Salah satu bentuk kepercayaan terhadap hal yang berbau magis tersebut adalah perhatian masyarakat Madura terhadap benda pusaka yang berupa Keris ataupun jenis tosan aji yang lain. Keyakinan masyarakat terhadap nilai-nilai magis yang terkandung di dalam benda-benda pusaka tersebut menyebabkan masyarakat Madura memiliki dan menyimpan benda pusaka tersebut di rumah atau bahkan menjadikan benda-benda- tersebut sebagai sebuah “sikep”. Perburuan terhadap keberadaan benda-benda pusaka itu dilakukan masyarakat Madura hingga ke daerah luar Pulau Madura.
Keris dianggap sebagai sebuah benda yang keramat oleh masyarakat Madura memiliki karakter yang unik dan khas yang dapat menandakan corak perkembangan kehidupan masyarakat dari masa ke masa. Selain itu ciri khas dan unik yang terdapat pada keris juga dapat menjadi sistem pertanda tentang kehidupan sosial masyarakat Madura yang paternalistik.

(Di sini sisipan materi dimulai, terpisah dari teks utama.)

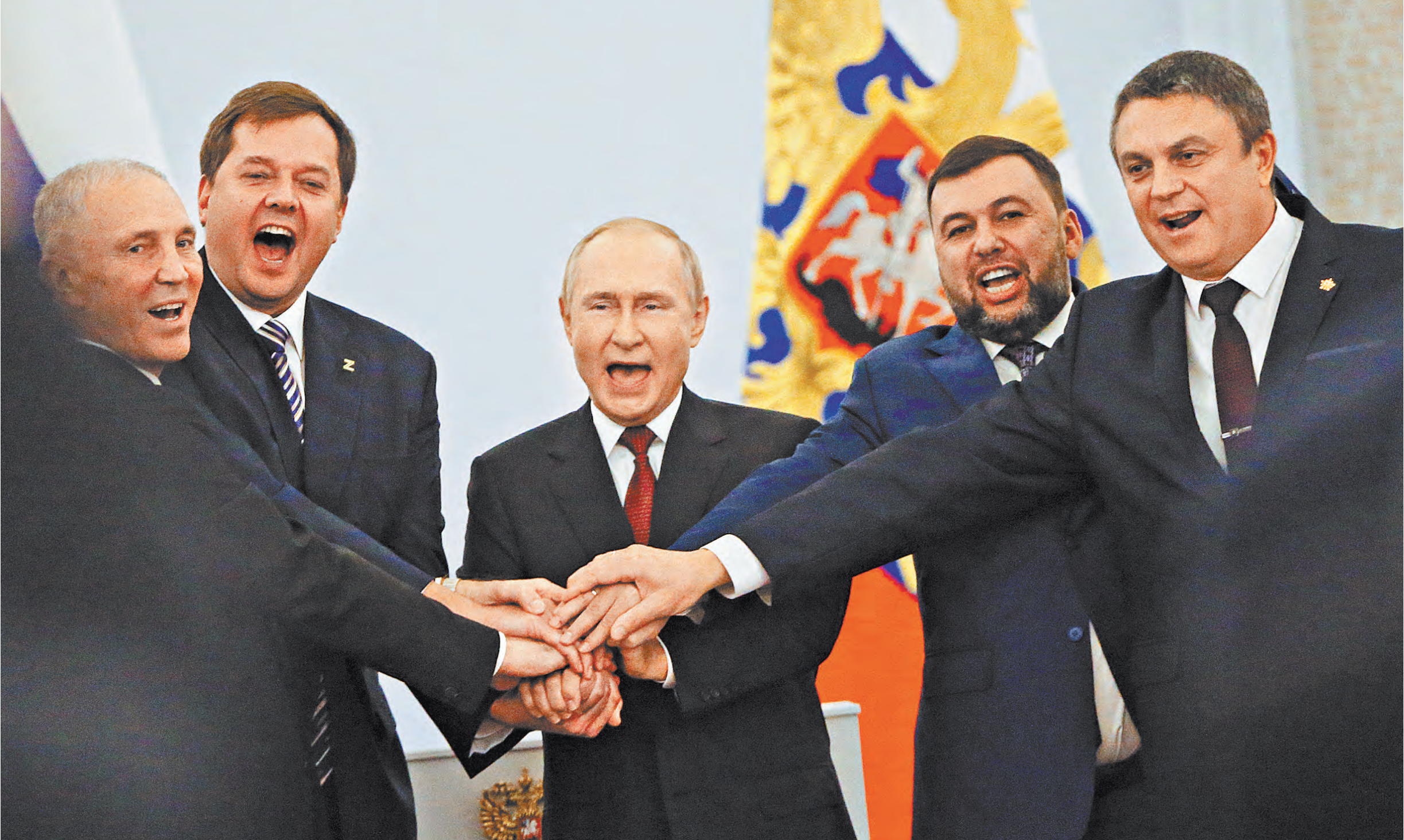
Владимир Путин, Евгений Балицкий, Владимир Сальдо, Денис Пушилин и Леонид Пасечник после подписания документов скрестили руки и скандировали: «Россия!».

Глава государства подчеркнул, что сегодня идет сражение за то, чтобы никому и никогда не пришло в голову, что Россия, русский язык, русскую культуру можно взять и вычеркнуть из истории. Россия всегда будет помнить героев Русской весны, которые погибли за право говорить на родном языке, сохранять свою культуру и веру, заявил президент.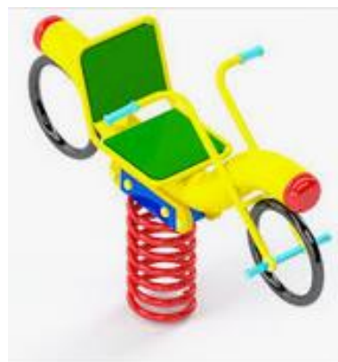
(Wizualizacja nr 2)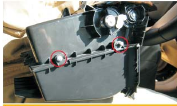
19 用十字螺丝刀拆下图示处两螺丝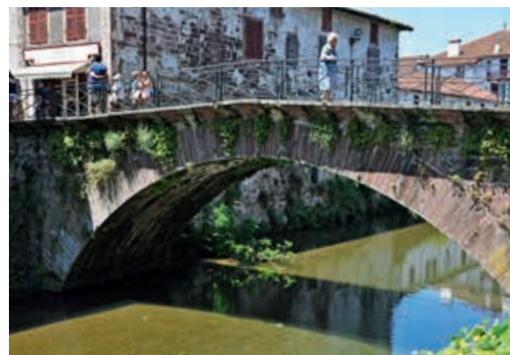
Jednoprzęsłowy, łukowy most kamienny przez Nivę w Saint-Jean-Pied-de-Port (obiekt nr 67)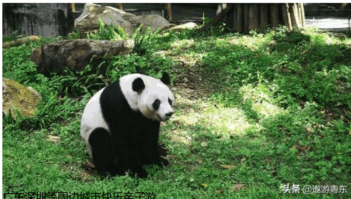
广东深圳等周边城市快乐亲子游

海豚作为全球各大水族馆的大明星，颜值高、性格好、技术棒，单是那流畅的身形，光滑的皮肤，小巧的嘴巴，漂亮的尾鳍就很吸引人

Selain mengandung unsur-unsur religi, keris juga memiliki unsur-unsur lain yang terkandung didalamnya. Unsur seni yang terdapat pada sebuah keris tidak hanya pada sisi estetika saja, namun dari sisi religius dan etika masih tetap ditampilkan. Sisi religi pada sebuah keris bisa ditampakkan melalui keyakinan masyarakat terhadap kekuatan magis yang terkandung pada sebuah keris, hingga menimbulkan tradisi.- dalam memperlakukan sebuah keris seperti tradisi mewarangi, atau memabndikan keris, tradisi “ngokop” keris pada hari-hari tertentu, dan memolesi dengan minyak yang harum. Sedangkan sisi etika dalam sebuah keris ditunjukkan melalui cara mereka dalam menyandang keris, membuka keris, dan sebagainya, bahkan dalam memilih kerispun dengan cara meminta pertimbangan pada pemimpin sosial-religi masyarakat. Kebiasaan masyarakat untuk meminta pandangan dari tokoh-tokoh sentral masyarakat masih berlangsung hingga masa kini.

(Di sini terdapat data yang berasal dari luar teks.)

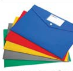
پاکت دگمه دار A۴ (کد: ۲۵۱۱) A۵ (حداقل: ۳۰۰ عدد) چاپ ملاکوب - هزینه کلیشه: ۲۵۰۰۰ تومان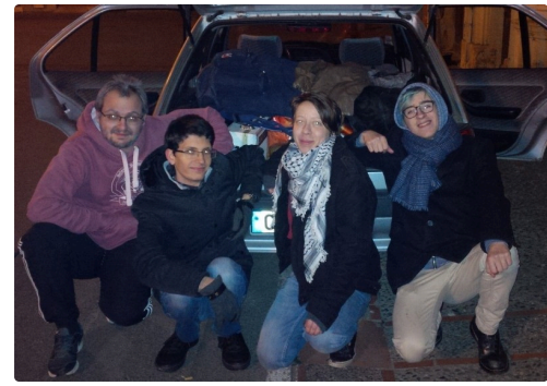
tournage à la maison Claude Augé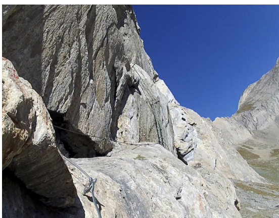
pod prvním žebříkem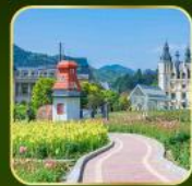
สวน Alice's Garden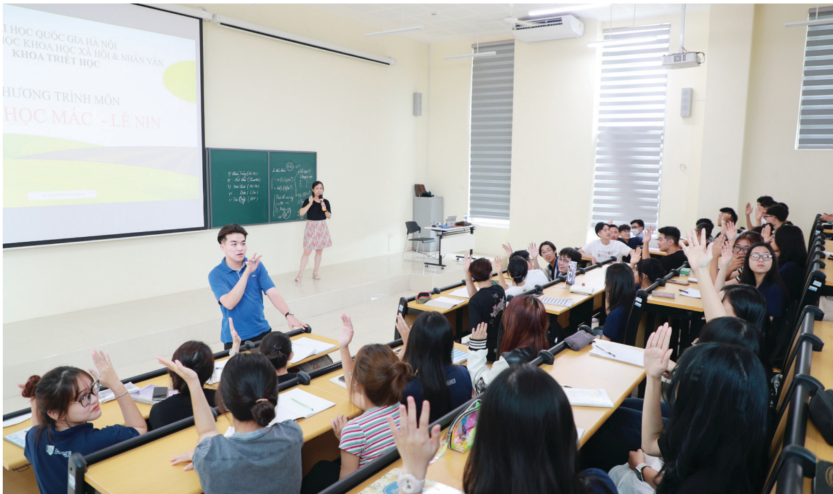
Sinh viên ĐHQGHN học tập tại Khu đô thị ĐHQGHN ở Hòa Lạc.

Đại học Đông Dương và Trường Đại học Quốc gia Việt Nam, hay được đào tạo ở nước ngoài về. Có thể kể ra một số tên tuổi tiêu biểu nhất trong các lĩnh vực khoa học tự nhiên và khoa học xã hội như Nguyễn Kon Tum, Lê Văn Thiêm, Đặng Thai Mai, Trần Đức Thảo... Trải qua gần 4 thập kỷ phát triển, Trường Đại học Tổng hợp Hà Nội đã có những đóng góp xuất sắc vào sự nghiệp xây dựng và bảo vệ Tổ quốc, xứng đáng là trường đại học khoa học cơ bản hàng đầu của cả nước.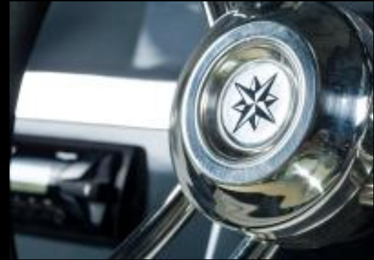
Valory V440 Open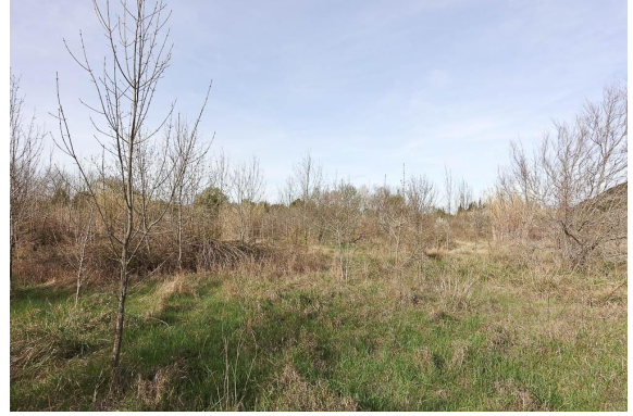
Reprise de Frêne sur ancienne pâture.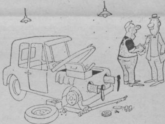
— Izmenjajte vse, saj plača zavarovalnica!

Položaj lastnika avtomobila se je družbeno že toliko okreplil, da ga štiti tudi zakon in prometna milica. Vse ravne, gladke, asfaltirane in sploh vse najlepše ceste so popolnoma osvojili avtomobilisti. Zakon je namreč razglasil te ceste za avtomobilske in prepovedal pešcem vsak dostop nanje.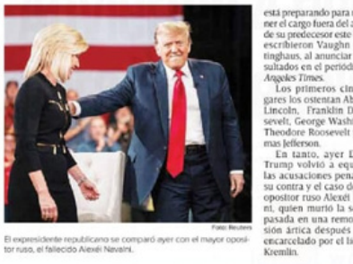
El expresidente republicano se comparó ayer con el mayor opositor ruso, el fallecido Alexéi Navalni.

en la opinión de 154 académicos de todo el país norteamericano. En contraste, el actual mandatario Joe Biden se posicionó en un decésimo lugar, justo por delante de Woodrow Wilson, Ronald Reagan y Ulyses S. Grant. Los logros más importantes de Biden pueden ser que rescató la presidencia de manos de Trump, retornó un estilo más tradicional de liderazgo presidencial y se

Secara umum, pandangan atau konsepsi masyarakat Jawa dan Madura memiliki beberapa perbedaan yang dianggap menjadi ciri khas dari masing-masing budaya. Perbedaan konsepsi inilah yang akan menjadi titik tekan dalam proses pembuatan makalah ini. Perbedaan konsepsi tersebut disebabkan oleh beberapa faktor, diantaranya adalah bentuk kehidupan sosial dan budaya masyarakat yang memiliki perbedaan. Secara sederhana kita dapat menilai bahwa kehidupan masyarakat Jawa dan Madura memiliki perbedaan. Namun yang menjadi titik tekan dalam makalah ini adalah perbedaan konsepsi dan persepsi masyarakat terhadap sebuah benda pusaka yang bernama keris.
Gambaran Umum Keris Madura
Pada perkembangan masyarakat madura, keris yang dibuat sebelum abad ke-16 sampai abad ke-17 tidak hanya memiliki fungsi sebagai peralatan perang para prajurit. Keris yang dalam bahasa Madura tingkat halus, disebut “abinan” dianggap sebagai sebuah senjata tajam yang juga memiliki kekuatan magis. Sebelum pembuatan keris dilakukan, terlebih dahulu sang empu melakukan ritual khusus yang disebut “pojja ” yaitu sebuah ritual yang berupa tapa untuk memohon kepada Tuhan dalam keadaan berkelakuan yang suci, meminta dengan berendah diri lahir-batin agar keris yang akan, dibuatnya tersebut mampu memberikan dorongan kepada orang yang memakainya agar supaya selalu berkelakuan baik, selamat dan jauh dari semua perbuatan yang kurang baik. Dalam proses sebelum pembuatan, biasanya sang empu akan membawa besi calon keris yang akan dibuatanya ke pasar atau ke temp’at yang ramai. Jika masyarakat masih dapat melihat besi yang dibawa sang empu, maka sang empu akan mengulangi tapanya sampai besi tersebut benar-benar tidak terlihat lagi oleh masyarakat umum, barulah sang empu melanjutkan ke tahap pembuatan keris.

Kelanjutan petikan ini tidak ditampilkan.